Robot vs. general data [Important]
- The is_robot flag distinguishes robot data (true) from general data (false).

Dataset Preparation

1. Data Collection

Collect your robot data, ensuring it includes:

Image data
Robot state information (state field)
Corresponding text instructions (prompt field)

2. Data Conversion

Convert your raw data to Dexdata format:

python

import json
import os

def convert_to_dexdata_format(episode_data, output_dir):
    """
    Convert raw data to Dexdata format
    
    Args:
        episode_data: List containing episode data
        output_dir: Output directory
    """
    os.makedirs(output_dir, exist_ok=True)
    
    for i, episode in enumerate(episode_data):
        episode_file = os.path.join(output_dir, f"episode{i+1}.jsonl")
        
        with open(episode_file, 'w', encoding='utf-8') as f:
            for frame in episode:
                # Convert each frame of data
                dexdata_frame = {
                    "images_1": {
                        "type": "image", 
                        "url": frame['image_path']
                    },
                    "state": frame['robot_state'],
                    "prompt": frame['instruction'],
                    "is_robot": True
                }
                
                # Write to jsonl file (one JSON object per line)
                f.write(json.dumps(dexdata_frame, ensure_ascii=False) + '\n')

Dataset Registration

Create Data Source File

Create your data source file in the dexbotic/data/data_source/ directory:

python

# dexbotic/data/data_source/my_custom_dataset.py

from dexbotic.data.data_source.register import register_dataset
import math

# Define your dataset
MY_CUSTOM_DATASET = {
    "my_robot_data": {
        "data_path_prefix": "", # Image path prefix
        "annotations": '/path/to/your/custom_dataset/',  # Dataset path
        "frequency": 1,  # Data sampling frequency
    },
}

# Define metadata
meta_data = {
    'non_delta_mask': [6],  # Non-delta dim index, e.g. gripper
    'periodic_mask': [3, 4, 5],  # Indices of periodic action dimensions (e.g., rotation), used for handling wrapping
    'periodic_range': 2 * math.pi  # periodic range
}

# Register dataset
register_dataset(MY_CUSTOM_DATASET, meta_data=meta_data, prefix='my_custom')

Experiment Configuration

Create Experiment File

Create your experiment file in the playground/ directory:

python

# playground/my_custom_experiment.py

from dataclasses import dataclass, field
from dexbotic.exp.cogact_exp import CogACTDataConfig, CogACTExp

@dataclass
class MyCustomDataConfig(CogACTDataConfig):
    """Data configuration"""
    dataset_name: str = field(default='my_custom_my_robot_data')  # Dataset name
    num_images: int = field(default=1)  # Number of images
    images_keys: list[str] = field(default_factory=lambda: ['images_1'])  # Image fields

@dataclass
class MyCustomExp(CogACTExp):
    """Main experiment class"""
    data_config: MyCustomDataConfig = field(default_factory=MyCustomDataConfig)

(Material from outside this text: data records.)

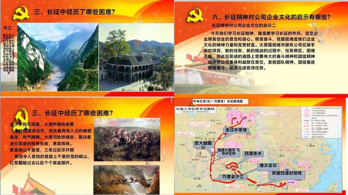 最后,主講人韓成元結(jié)合公司實際,深入探討了長征精神對公司企業(yè)文化的啟示。他提出,公司企業(yè)文化精神與長征精神是一脈相承的,是長征精神在新時代的詮釋。2023年3月,太原國投城市服務(wù)執(zhí)行董事劉冰同志提出了“政治合格、服務(wù)過硬、作風(fēng)優(yōu)良、紀(jì)律嚴(yán)明、保障有力”的企業(yè)文化口號。尤其是作風(fēng)優(yōu)良,是長征精神的重要體現(xiàn),我們將保持積極向上的態(tài)度,勇于面對挑戰(zhàn)和困難、堅定信念、不屈不撓、艱苦奮斗、無私奉獻。
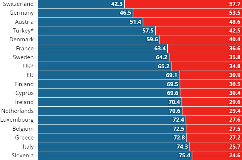 Η Ελβετία και η Γερμανία έχουν υψηλά ποσοστά ενοικίασης με πάνω από το ήμισυ του πληθυσμού τους να νοικιάζει σπίτια.
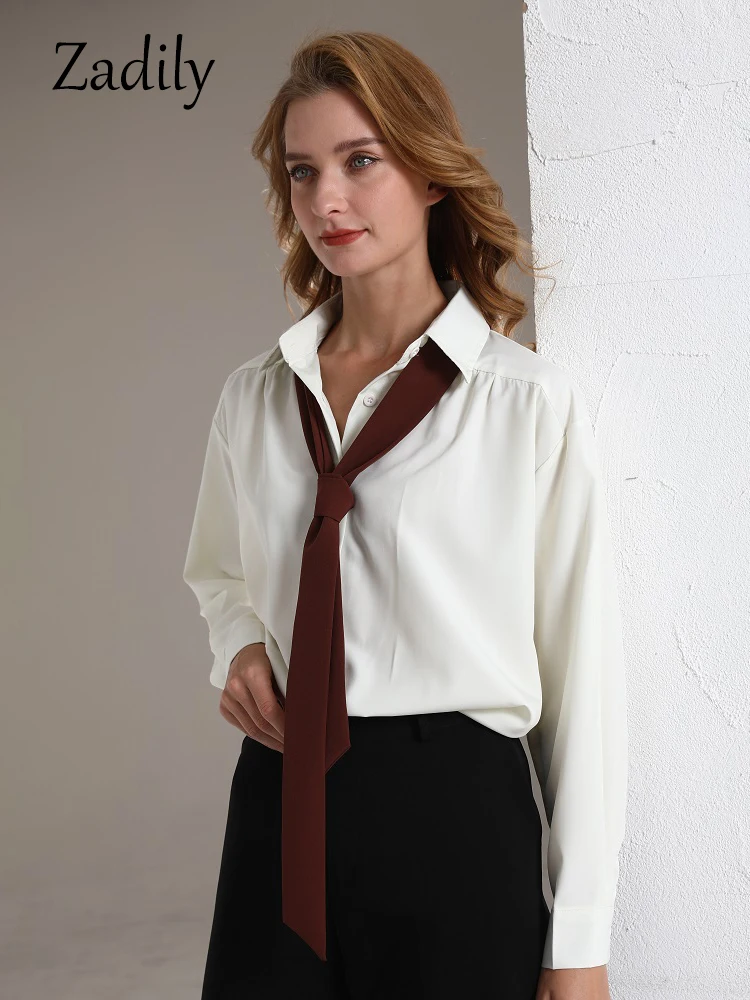 Yipinpay 2023 Spring Office Lady Long Sleeve Folds Women Basic Shirt Minimalist Tie Button Up Loose Woman Tunic Blouse Clothing
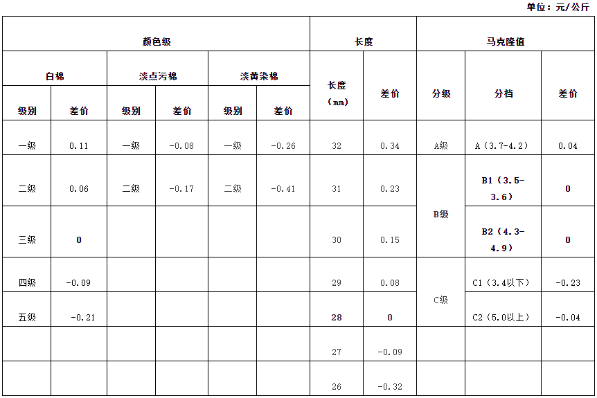根據(jù)《中國棉花協(xié)會籽棉收購結(jié)算差價參考表(新疆細(xì)絨棉)管理辦法》規(guī)定,依據(jù)中國棉花協(xié)會發(fā)布的2022年2月《鋸齒加工細(xì)絨棉質(zhì)量差價表》和中國棉花預(yù)警系統(tǒng)2021年9月至2022年1月新疆籽棉收購平均衣分率數(shù)據(jù),折算得出籽棉收購差價,現(xiàn)正式發(fā)布2022年2月《籽棉收購結(jié)算差價參考表(新疆細(xì)絨棉)》(單位:元/公斤),為新疆地區(qū)籽棉收購工作提供參考。
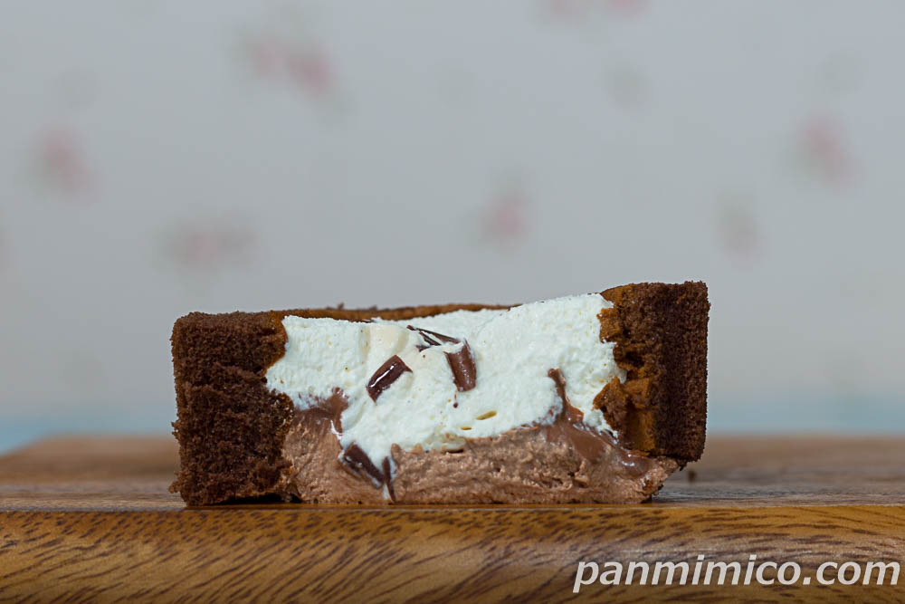 中のクリームは、底にチョコホイップ、真ん中にチョコクリーム、上には、バニラホイップ。
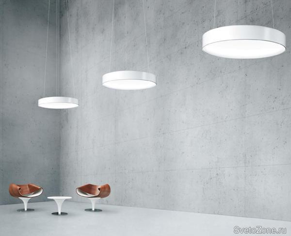 Светильники рассчитаны для встроенного, потолочного и подвесного монтажа (на тонких тросах длиной 2- 4 м). Рассеиватель, выполненный из опалового полиметилметакрилата, имеет слегка вогнутую форму, придающую внешнему виду светильника особую пластичность. Цилиндрический корпус отлит из алюминиевого сплава и может иметь различную цветовую отделку матовыми эмалями.

if __name__ == "__main__":
    exp = MyCustomExp()
    exp.train()  # Training

Training and Inference

1. Start Training

bash

# Use torchrun for distributed training
torchrun playground/my_custom_experiment.py

2. Monitor Training Process

During training, the system will:

Automatically compute action normalization parameters and save to norm_assets/ directory
Periodically save model checkpoints to output_dir
Use Weights & Biases to record training metrics (if wandb is configured)

3. Inference Service

After training is complete, start the inference service:

python

# Modify experiment file, configure trained model path
from dexbotic.exp.cogact_exp import InferenceConfig

@dataclass
class MyCustomInferenceConfig(InferenceConfig):
    """Inference configuration"""
    model_name_or_path: str = field(default='/path/to/trained/model')  # Trained model path
    port: int = field(default=7891)  # Inference service port

@dataclass
class MyCustomExp(CogACTExp):
    """Main experiment class"""
    data_config: MyCustomDataConfig = field(default_factory=MyCustomDataConfig)
    inference_config: MyCustomInferenceConfig = field(default_factory=MyCustomInferenceConfig)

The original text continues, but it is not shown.